>>>
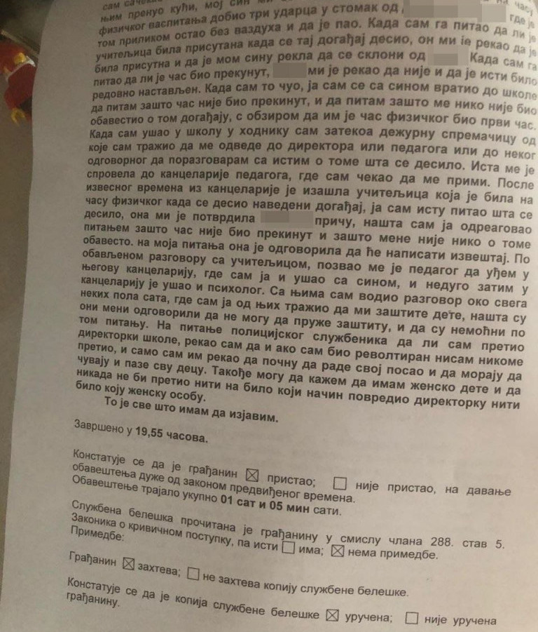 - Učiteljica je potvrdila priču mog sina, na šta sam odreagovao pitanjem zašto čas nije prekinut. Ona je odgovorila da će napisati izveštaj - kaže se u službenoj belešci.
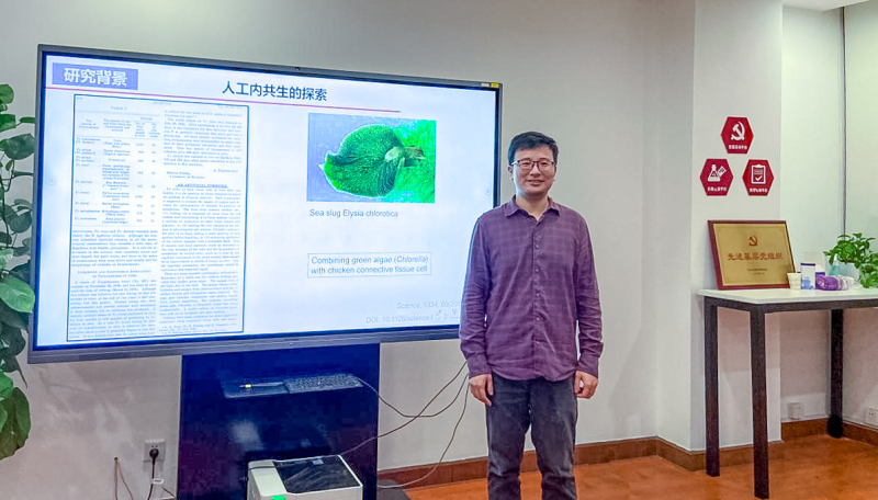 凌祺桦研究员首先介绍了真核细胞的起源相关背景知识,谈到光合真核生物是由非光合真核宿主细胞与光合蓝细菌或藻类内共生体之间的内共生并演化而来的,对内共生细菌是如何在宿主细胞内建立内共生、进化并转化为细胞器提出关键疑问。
<<<
>>>
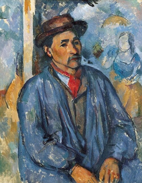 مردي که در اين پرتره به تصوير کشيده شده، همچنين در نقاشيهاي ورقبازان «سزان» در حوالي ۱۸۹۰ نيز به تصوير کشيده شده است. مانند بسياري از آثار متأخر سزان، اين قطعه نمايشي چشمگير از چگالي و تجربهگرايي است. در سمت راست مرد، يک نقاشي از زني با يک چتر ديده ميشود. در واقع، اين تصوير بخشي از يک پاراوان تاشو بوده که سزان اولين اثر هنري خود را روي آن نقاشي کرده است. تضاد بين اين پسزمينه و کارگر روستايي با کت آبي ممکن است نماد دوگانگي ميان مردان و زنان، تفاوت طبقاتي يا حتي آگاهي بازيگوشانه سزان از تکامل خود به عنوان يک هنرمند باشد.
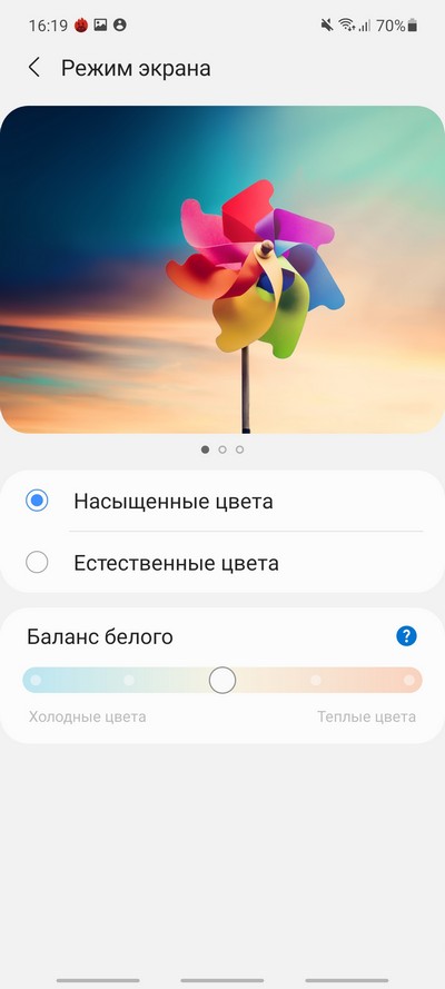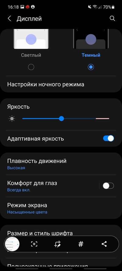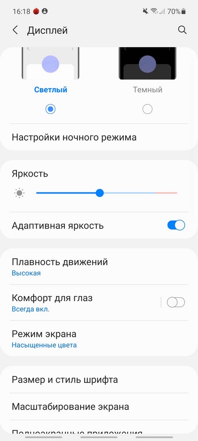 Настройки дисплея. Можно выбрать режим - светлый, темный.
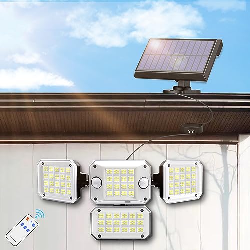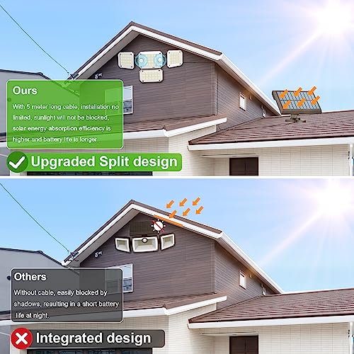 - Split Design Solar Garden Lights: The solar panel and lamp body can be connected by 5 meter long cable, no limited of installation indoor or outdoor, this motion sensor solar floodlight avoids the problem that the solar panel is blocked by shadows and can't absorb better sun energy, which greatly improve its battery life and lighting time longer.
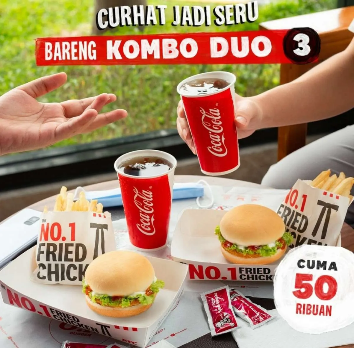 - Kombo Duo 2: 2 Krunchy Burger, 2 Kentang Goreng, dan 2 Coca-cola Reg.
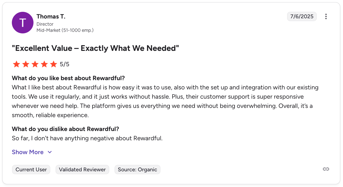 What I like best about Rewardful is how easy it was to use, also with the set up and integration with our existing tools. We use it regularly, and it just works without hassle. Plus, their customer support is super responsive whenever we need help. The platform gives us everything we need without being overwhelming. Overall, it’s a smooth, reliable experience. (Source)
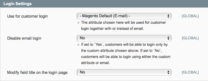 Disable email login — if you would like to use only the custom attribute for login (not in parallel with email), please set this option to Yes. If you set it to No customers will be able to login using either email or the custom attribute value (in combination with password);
<<<
>>>
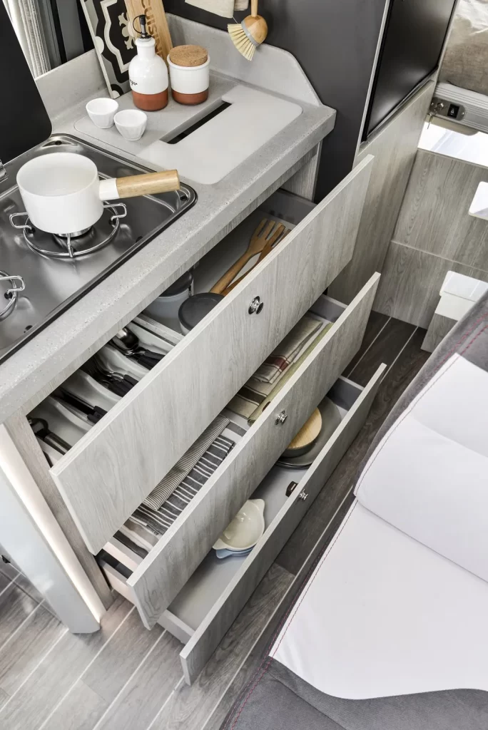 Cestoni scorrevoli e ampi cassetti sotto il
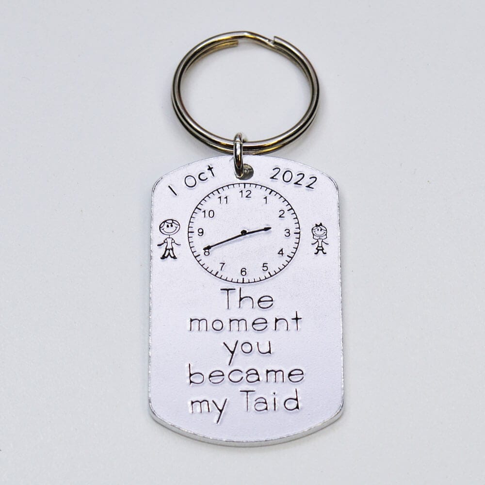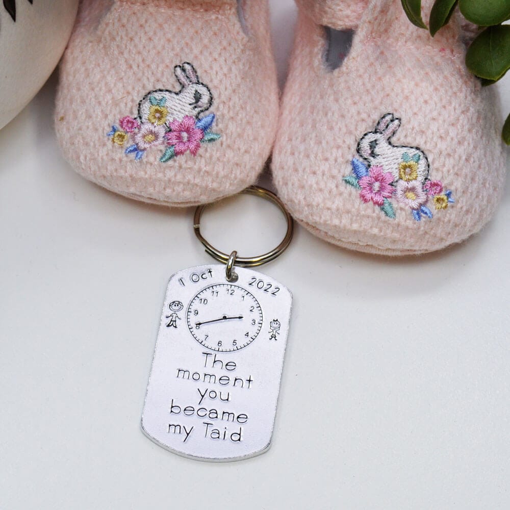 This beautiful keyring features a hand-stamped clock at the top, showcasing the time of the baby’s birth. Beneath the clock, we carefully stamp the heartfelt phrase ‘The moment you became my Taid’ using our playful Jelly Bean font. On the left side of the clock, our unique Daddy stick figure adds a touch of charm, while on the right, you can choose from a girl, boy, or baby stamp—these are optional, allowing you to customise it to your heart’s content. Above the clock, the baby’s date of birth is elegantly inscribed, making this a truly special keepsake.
<<<
Using the data above, copy exactly the lines from the one containing "- Učiteljica je" to the one containing "凌祺桦研究员首先介绍了真核细", inclusive. Exclude the pictures.

ANSWER SPACE —
 - Učiteljica je potvrdila priču mog sina, na šta sam odreagovao pitanjem zašto čas nije prekinut. Ona je odgovorila da će napisati izveštaj - kaže se u službenoj belešci.
 凌祺桦研究员首先介绍了真核细胞的起源相关背景知识,谈到光合真核生物是由非光合真核宿主细胞与光合蓝细菌或藻类内共生体之间的内共生并演化而来的,对内共生细菌是如何在宿主细胞内建立内共生、进化并转化为细胞器提出关键疑问。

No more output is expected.